Finding the interval that with "high probability" the random variable drawn from a binomial distribution (n, p) lies in? I am looking for an interval $J = [a, b]$ (for $0\leq a,b\leq n$) such that the random variable $0\leq X\leq n$ drawn from a binomial distribution with success probability of $p$ lies within $J$ with probability at least $1-\epsilon$, for a given small $\epsilon$.
I know this might seem easy but I realized that I have forgotten it when I faced it in one part of a problem I'm working on (this is not a homework problem. I'm solving a research problem and faced it and had difficulty remembering stuff).
I know that I can apply Chernoff bound for the upper tail and use Stirling's formula for the lower tail but the simplifying seems tedious. I'm pretty sure that this has been well studied but I don't know the keyword to search for. I did try "confidence interval" but then realized it refers to something else in this context.
Does anyone have any ideas?
Appreciated
 A: The actual answers have no closed form. Concentration inequalities like the results you mention are approximations that give a slightly looser bound, in exchange for simplifying the calculations. It's a question of where in the quality-to-simplicity tradeoff you want to be.
I'm a fan of Hoeffding's inequality, which applies to $\mathrm{Binomial}(n,p)$ and more generally to sums of $n$ independent random variables from $[0,1]$. It says that if the sum has mean $\mu$, then it will be in the interval $[\mu-nt, \mu+nt]$ with probability at least $1-\epsilon = 1-2 e^{-2nt^2}$.
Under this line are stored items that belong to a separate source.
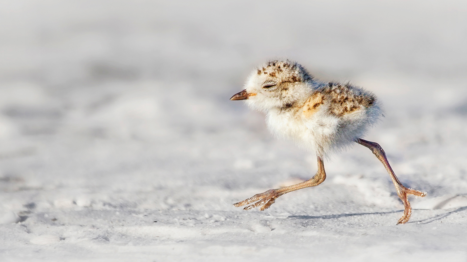 Description: A small bird walking across a snow covered field with its legs spread out and feet spread out.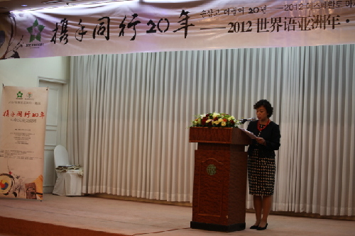 在开幕式致辞中,中国报道杂志社社长兼总编陈实介绍,2012年,国际世界语大会和一系列世界语活动都在亚洲举行,因而被称为“世界语亚洲年”,今年7~9月,相继在蒙古、越南等地陆续推出了以世界语为平台的系列国际文化交流活动。今年是中韩两国建交20周年,将此次活动的主题定为“携手同行20年”就是对此表示纪念和祝贺。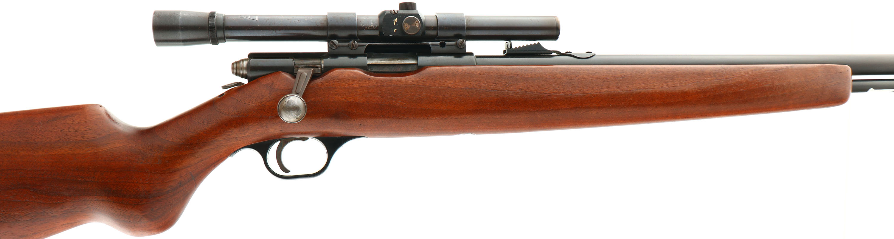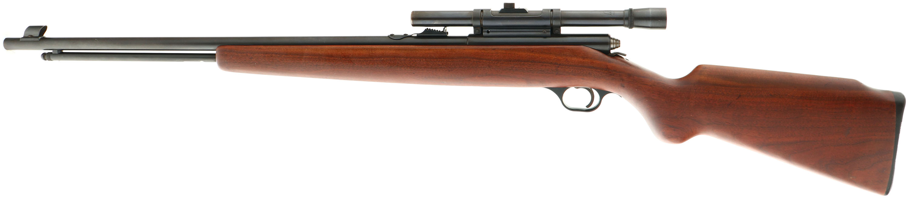 Hawthorne Warrior, Model M820B (Mossberg346), Marked .22 S, L, LR Cal., MFG. 1960-71, SN: None, Bolt Action Rifle, 24'' round barrel. Tubular mag. The originalround pistol grip Monte Carlo wood stock is very good, having been sanded & refinished. There remains a few minor finish handling marks to the finish. The original metal blue finish rates 90% overall. The bore is excellent & bright. The rifle is mounted with a Hawthorne 4X-1480 scope in the grooved receiver, while the barrel carries an adjustable rear & hooded front blade sights. The stock carries the original plastic buttplate. Missing the small plastic safety indicator buttons in the stock. Tubular mag. FFL or C&R Req. - Value: 150 to 250

Solving for $t$ in terms of $\epsilon$, we get an interval of $\left[\mu - \sqrt{\frac n2 \ln \frac2\epsilon}, \mu + \sqrt{\frac n2 \ln \frac2\epsilon}\right]$ which is not awfully complicated. For the binomial distribution, of course, $\mu = np$. These bounds will generally not be integers, so you can round them to get a slightly tighter interval; for example, an interval of $[19.7, 35.3]$ is really an interval of $[20,35]$.
You might be unhappy with this interval when $p$ is very close to $0$ (or to $1$), because the simplicity tradeoff in Hoeffding's inequality is to have no dependence on $p$ (except to determine $\mu$).
Similarly, using the loosest form of the Chernoff bound we get an interval of $[(1-\delta)\mu, (1+\delta)\mu]$ with $\epsilon = 2e^{-\delta^2\mu/3}$, and for a given $\epsilon$ this is an interval of $\left[\mu - \sqrt{\frac \mu 3 \ln \frac2\epsilon} , \mu + \sqrt{\frac \mu 3 \ln \frac2\epsilon} \right]$. This form of the Chernoff bound is only valid when $\delta \le 1$, or when $\epsilon \ge 2 e^{-\mu/3}$, which means $\mu = np$ cannot be too small. However, the condition "cannot be too small" is much weaker here - in order to be able to find an interval for $\epsilon = 0.01$, you need $\mu \ge 16$, for instance. This, plus the fact that the Chernoff bound has an error term in terms of $\mu$ and not $n$, means it's better for small values of $p$.
When $p$ gets even smaller than that, you probably want to be messing with the Poisson approximation. One thing that's useful is that if $X \sim \mathrm{Binomial}(n,p)$ and $Y \sim \mathrm{Poisson}(np)$, then $\Pr[Y \ge k]$ is an upper bound on $\Pr[X \ge k]$. So the Poisson distribution can be used to find the upper bound on your interval, which is generally the more difficult of the two. A useful inequality for $Y \sim \mathrm{Poisson}(\lambda)$ is $\Pr[Y \ge y] \le e^{y-\lambda} (\frac y\lambda)^{-y}$, which is a Chernoff-type bound on the Poisson distribution - but this is hard to conveniently solve for $\epsilon$.